What the exercise asks => Copy exactly every line below, from the first through the one that contains "Фотополимерная печать (миньки", and skip all pictures.

** Supplied information follows **

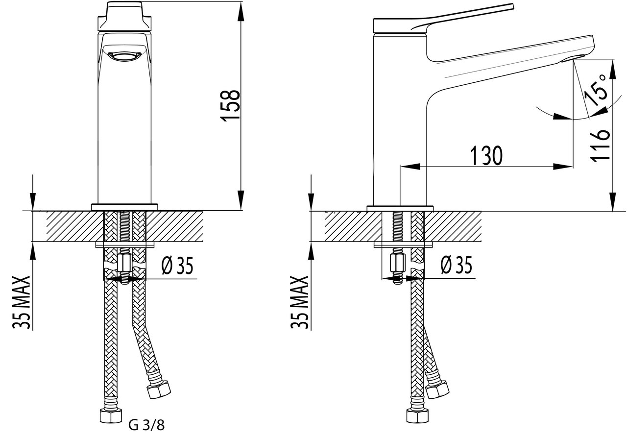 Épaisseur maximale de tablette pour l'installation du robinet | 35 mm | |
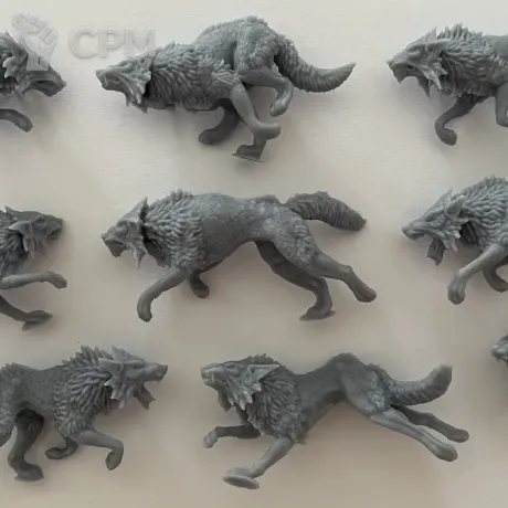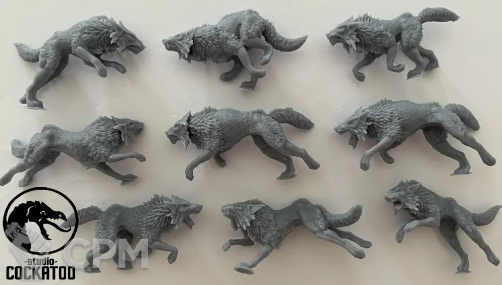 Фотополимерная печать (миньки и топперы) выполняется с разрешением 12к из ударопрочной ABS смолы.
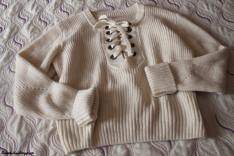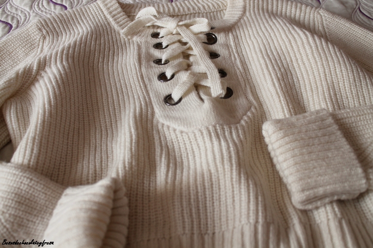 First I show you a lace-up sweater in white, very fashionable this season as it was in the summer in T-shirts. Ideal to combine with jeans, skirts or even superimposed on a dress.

** End of Supplied information **

Finished exercise =>
 Épaisseur maximale de tablette pour l'installation du robinet | 35 mm | |
 Фотополимерная печать (миньки и топперы) выполняется с разрешением 12к из ударопрочной ABS смолы.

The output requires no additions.